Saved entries
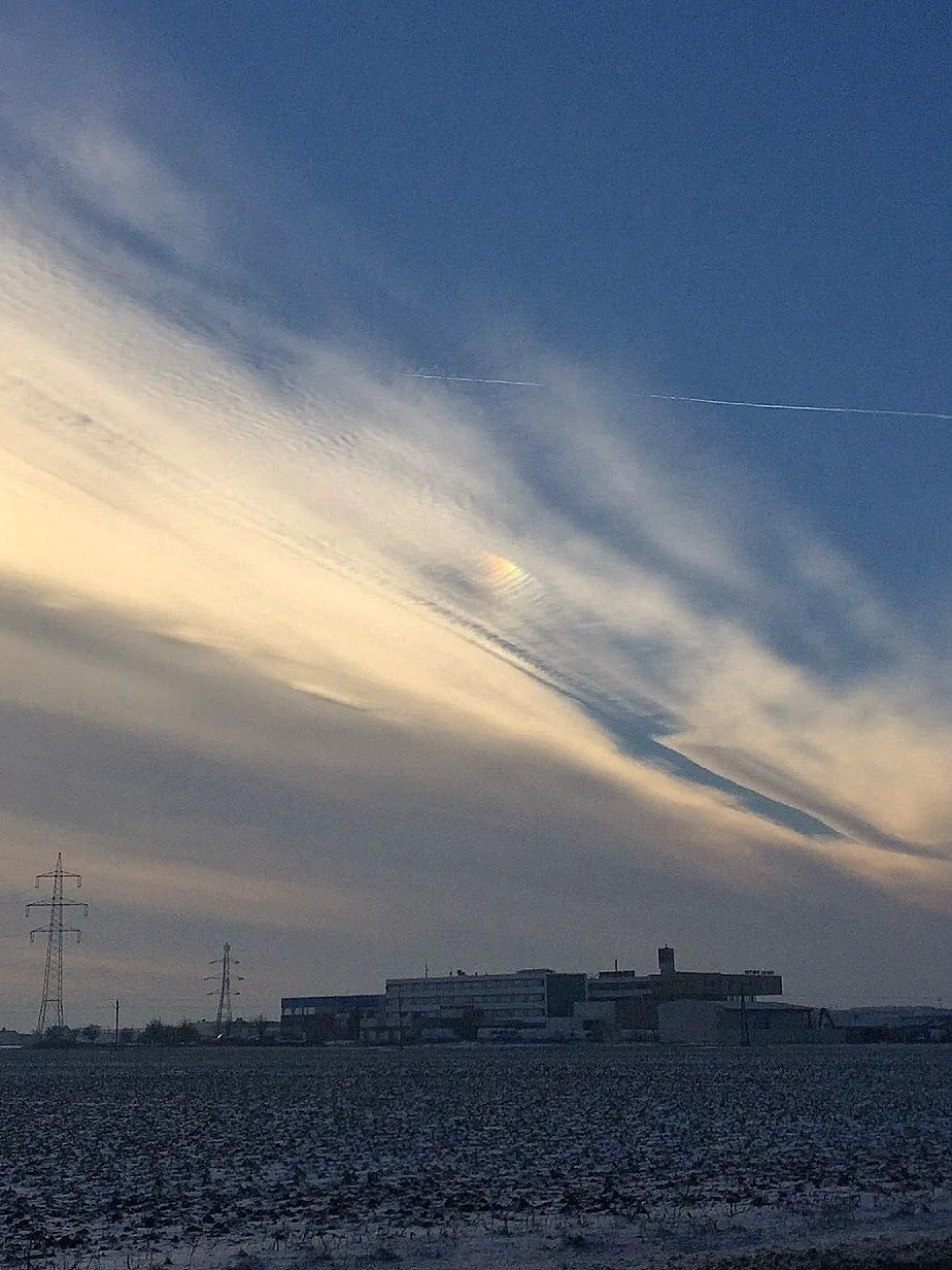 I just noticed the multi-coloured effect in the middle of the picture, I've never seen anything like that before.While driving to Neusiedl last year, I noticed this, so I stopped to take a picture with my iPhone:
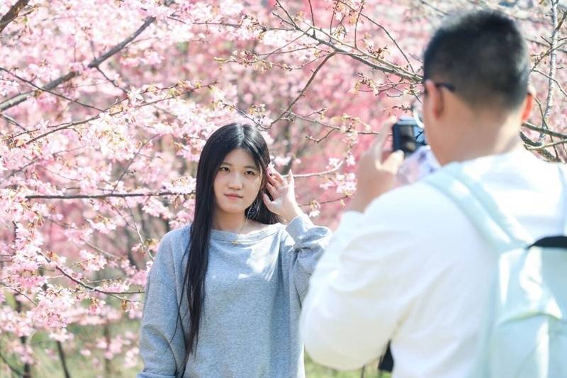 游客在樱花园中赏樱拍照。
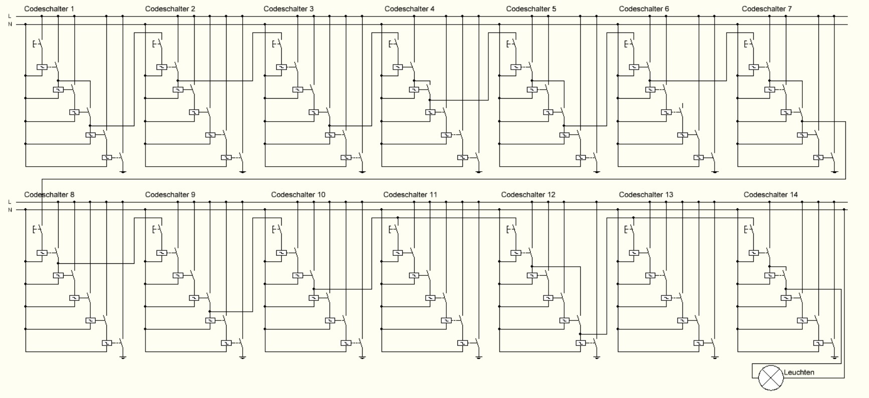 Tastet jemand einen der 14 hintereinander geschalteten Codeschalter zu oft, macht es klack und die komplette Absicherung fliegt raus. Tja Pech gehabt.
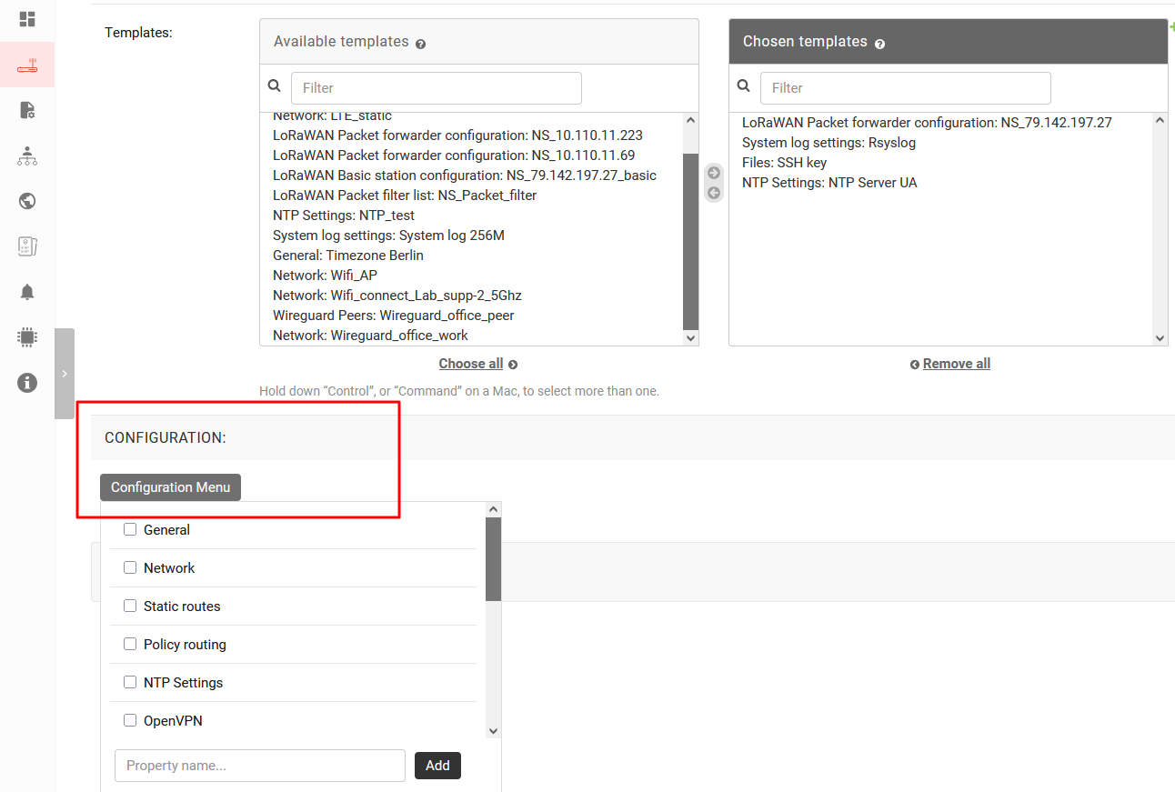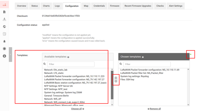 - After the user chooses a new template the program checks it and apply to the device or device group. Also user could choose already existing configurations from a list
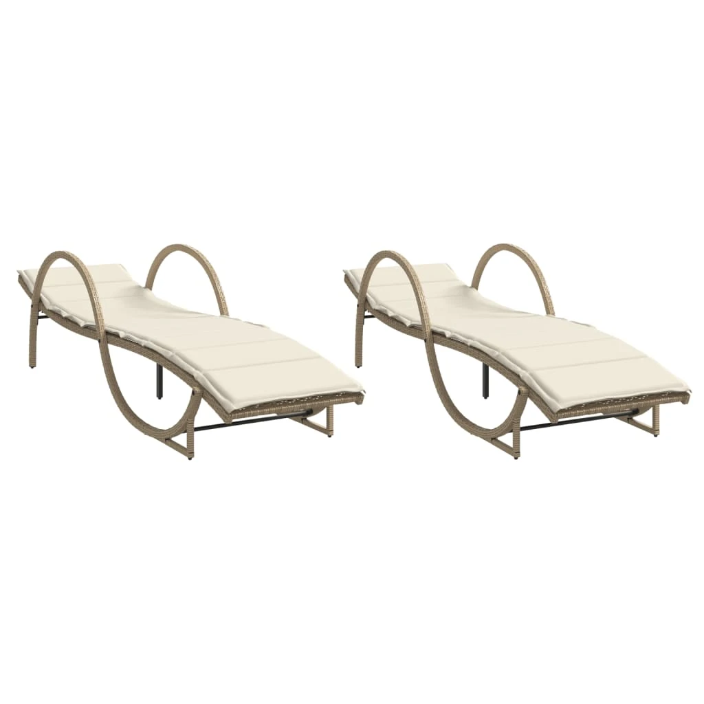 vidaXL sauļošanās zviļņi, 2 gab., ar matračiem, bēša PE rotangpalma
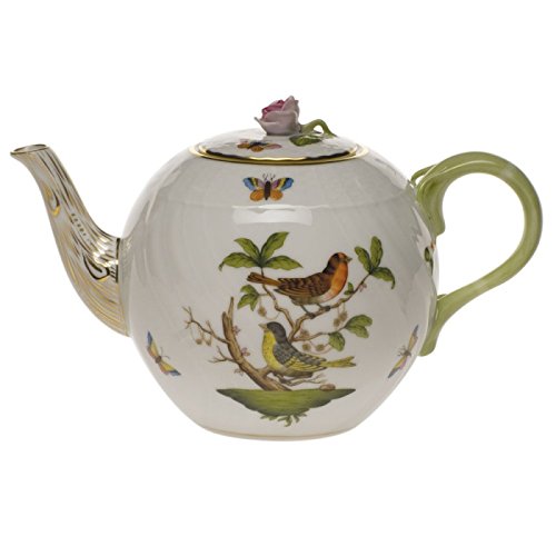-. Title : Herend Rothschild Bird Tea Pot With Rose
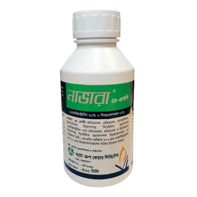 নাভারা ® ২৮ এসসি একটি শক্তিশালী সিস্টেমিক ছত্রাকনাশক যা দুটি কার্যকরী উপাদান, আজক্সিস্ট্রোবিন এবং সিপ্রোকোনাজল এর সংমিশ্রণে তৈরি। এটি প্রতিরোধক, প্রতিকারক, রোগ দূরীকরণ এবং ট্রান্সল্যামিনার ক্রিয়াসম্পন্ন ছত্রাকনাশক, যা রোগের আক্রমণ প্রতিরোধ এবং সৃষ্টিকারী ছত্রাক দূরীকরণে সহায়তা করে। প্রতি লিটারে ২০০ গ্রাম আজক্সিস্ট্রোবিন এবং ৮০ গ্রাম সিপ্রোকোনাজল রয়েছে।
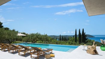 Diese neu erbaute Villa befindet sich über Dubrovnik und bietet herrlichen Meerblick, stilvolle moderne Möbel und einen beheizbaren Infinity-Pool.
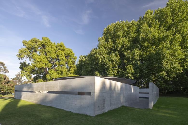 Ando's design is, for lack of a better phrase, unmistakably Ando. It is made of carefully executed reinforced concrete; it is geometrical, with a circular canopy sitting in the middle of walls that define two offset squares within the park; and it is peaceful and calm, with a reflecting pool comprising half of the plan. The 14.4-meter canopy, covered in aluminum, rests on a concrete drum. Horizontal openings in two of the 17-meter-long concrete walls frame views of the park and the Melbourne skyline. A continuous bench — also in concrete — beneath the opening on the “dry” side invites visitors to rest and take in the peaceful atmosphere or be comfortable during one of the many free events planned for the space. These events range from a quilt challenge and art installation made with ice cream to a puppetry performance — and those are just on the opening weekend!

*WHAT YOU SHOULD DO*: Every entry, word for word: repeat it, but skip the images.

*RESPONSE BELOW*:
 I just noticed the multi-coloured effect in the middle of the picture, I've never seen anything like that before.While driving to Neusiedl last year, I noticed this, so I stopped to take a picture with my iPhone:
 游客在樱花园中赏樱拍照。
 Tastet jemand einen der 14 hintereinander geschalteten Codeschalter zu oft, macht es klack und die komplette Absicherung fliegt raus. Tja Pech gehabt.
 - After the user chooses a new template the program checks it and apply to the device or device group. Also user could choose already existing configurations from a list
 vidaXL sauļošanās zviļņi, 2 gab., ar matračiem, bēša PE rotangpalma
-. Title : Herend Rothschild Bird Tea Pot With Rose
 নাভারা ® ২৮ এসসি একটি শক্তিশালী সিস্টেমিক ছত্রাকনাশক যা দুটি কার্যকরী উপাদান, আজক্সিস্ট্রোবিন এবং সিপ্রোকোনাজল এর সংমিশ্রণে তৈরি। এটি প্রতিরোধক, প্রতিকারক, রোগ দূরীকরণ এবং ট্রান্সল্যামিনার ক্রিয়াসম্পন্ন ছত্রাকনাশক, যা রোগের আক্রমণ প্রতিরোধ এবং সৃষ্টিকারী ছত্রাক দূরীকরণে সহায়তা করে। প্রতি লিটারে ২০০ গ্রাম আজক্সিস্ট্রোবিন এবং ৮০ গ্রাম সিপ্রোকোনাজল রয়েছে।
 Diese neu erbaute Villa befindet sich über Dubrovnik und bietet herrlichen Meerblick, stilvolle moderne Möbel und einen beheizbaren Infinity-Pool.
 Ando's design is, for lack of a better phrase, unmistakably Ando. It is made of carefully executed reinforced concrete; it is geometrical, with a circular canopy sitting in the middle of walls that define two offset squares within the park; and it is peaceful and calm, with a reflecting pool comprising half of the plan. The 14.4-meter canopy, covered in aluminum, rests on a concrete drum. Horizontal openings in two of the 17-meter-long concrete walls frame views of the park and the Melbourne skyline. A continuous bench — also in concrete — beneath the opening on the “dry” side invites visitors to rest and take in the peaceful atmosphere or be comfortable during one of the many free events planned for the space. These events range from a quilt challenge and art installation made with ice cream to a puppetry performance — and those are just on the opening weekend!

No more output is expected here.